• Exercise data:

[Start of Attachment]

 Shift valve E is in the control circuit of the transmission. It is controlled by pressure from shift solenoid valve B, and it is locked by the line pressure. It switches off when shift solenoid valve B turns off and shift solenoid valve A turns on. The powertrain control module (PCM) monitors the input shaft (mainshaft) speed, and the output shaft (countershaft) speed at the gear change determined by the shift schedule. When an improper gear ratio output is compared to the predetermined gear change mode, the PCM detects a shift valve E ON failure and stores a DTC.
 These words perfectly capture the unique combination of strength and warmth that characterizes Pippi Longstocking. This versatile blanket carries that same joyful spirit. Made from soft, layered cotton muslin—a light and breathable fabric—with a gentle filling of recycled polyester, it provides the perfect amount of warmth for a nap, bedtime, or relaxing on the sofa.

[End of Attachment]
[Start of Attachment]

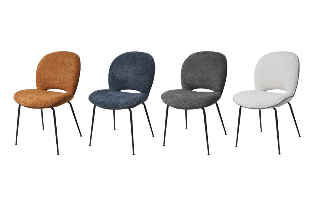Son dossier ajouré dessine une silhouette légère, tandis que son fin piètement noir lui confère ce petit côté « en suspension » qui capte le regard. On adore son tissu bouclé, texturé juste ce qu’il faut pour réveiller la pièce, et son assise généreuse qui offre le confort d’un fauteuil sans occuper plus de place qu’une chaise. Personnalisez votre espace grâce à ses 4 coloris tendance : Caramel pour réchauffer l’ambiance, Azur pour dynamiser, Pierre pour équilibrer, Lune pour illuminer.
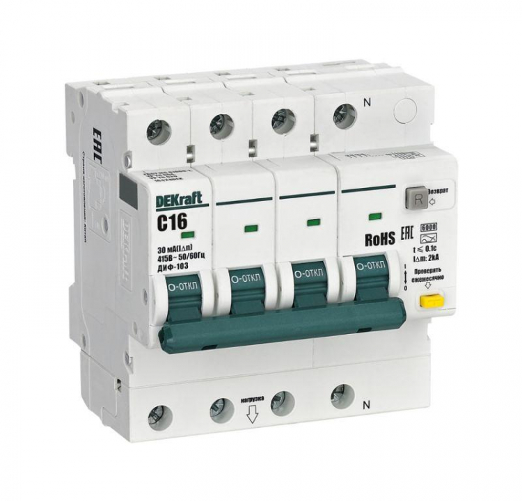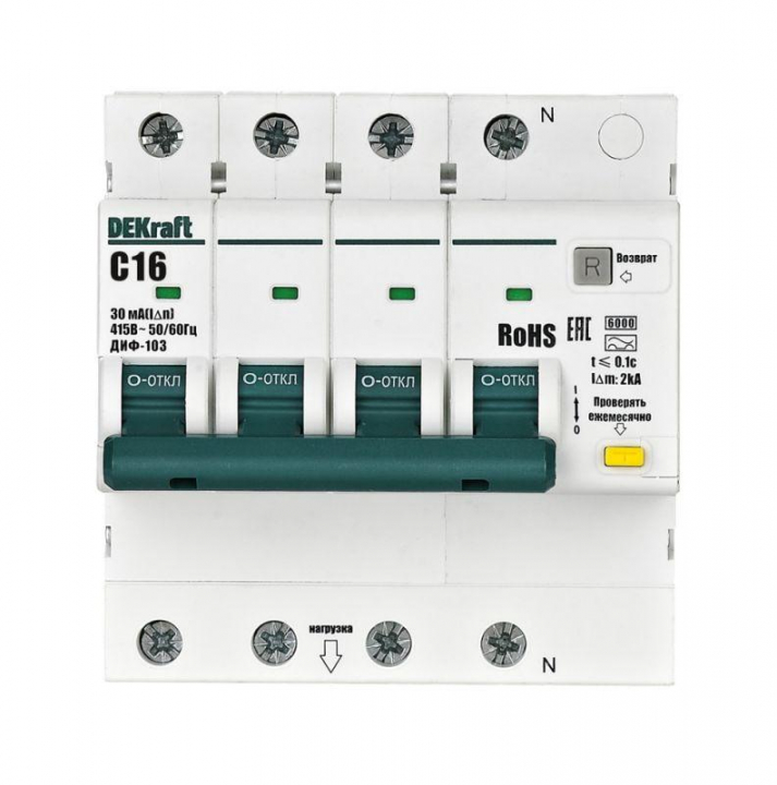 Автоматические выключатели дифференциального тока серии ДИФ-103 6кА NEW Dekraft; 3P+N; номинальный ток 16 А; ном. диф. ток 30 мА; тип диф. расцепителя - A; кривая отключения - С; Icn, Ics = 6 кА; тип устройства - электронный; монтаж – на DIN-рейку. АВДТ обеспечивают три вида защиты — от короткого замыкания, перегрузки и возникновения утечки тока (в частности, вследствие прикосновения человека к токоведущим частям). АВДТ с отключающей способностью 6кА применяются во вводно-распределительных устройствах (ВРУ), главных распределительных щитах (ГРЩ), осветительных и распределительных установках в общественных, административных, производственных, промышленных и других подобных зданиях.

[End of Attachment]

• Action item:
Copy exactly the stretch of data above from the line with "Shift valve E is" through the line with "These words perfectly", and omit all other lines.

• Expected answer:
 Shift valve E is in the control circuit of the transmission. It is controlled by pressure from shift solenoid valve B, and it is locked by the line pressure. It switches off when shift solenoid valve B turns off and shift solenoid valve A turns on. The powertrain control module (PCM) monitors the input shaft (mainshaft) speed, and the output shaft (countershaft) speed at the gear change determined by the shift schedule. When an improper gear ratio output is compared to the predetermined gear change mode, the PCM detects a shift valve E ON failure and stores a DTC.
 These words perfectly capture the unique combination of strength and warmth that characterizes Pippi Longstocking. This versatile blanket carries that same joyful spirit. Made from soft, layered cotton muslin—a light and breathable fabric—with a gentle filling of recycled polyester, it provides the perfect amount of warmth for a nap, bedtime, or relaxing on the sofa.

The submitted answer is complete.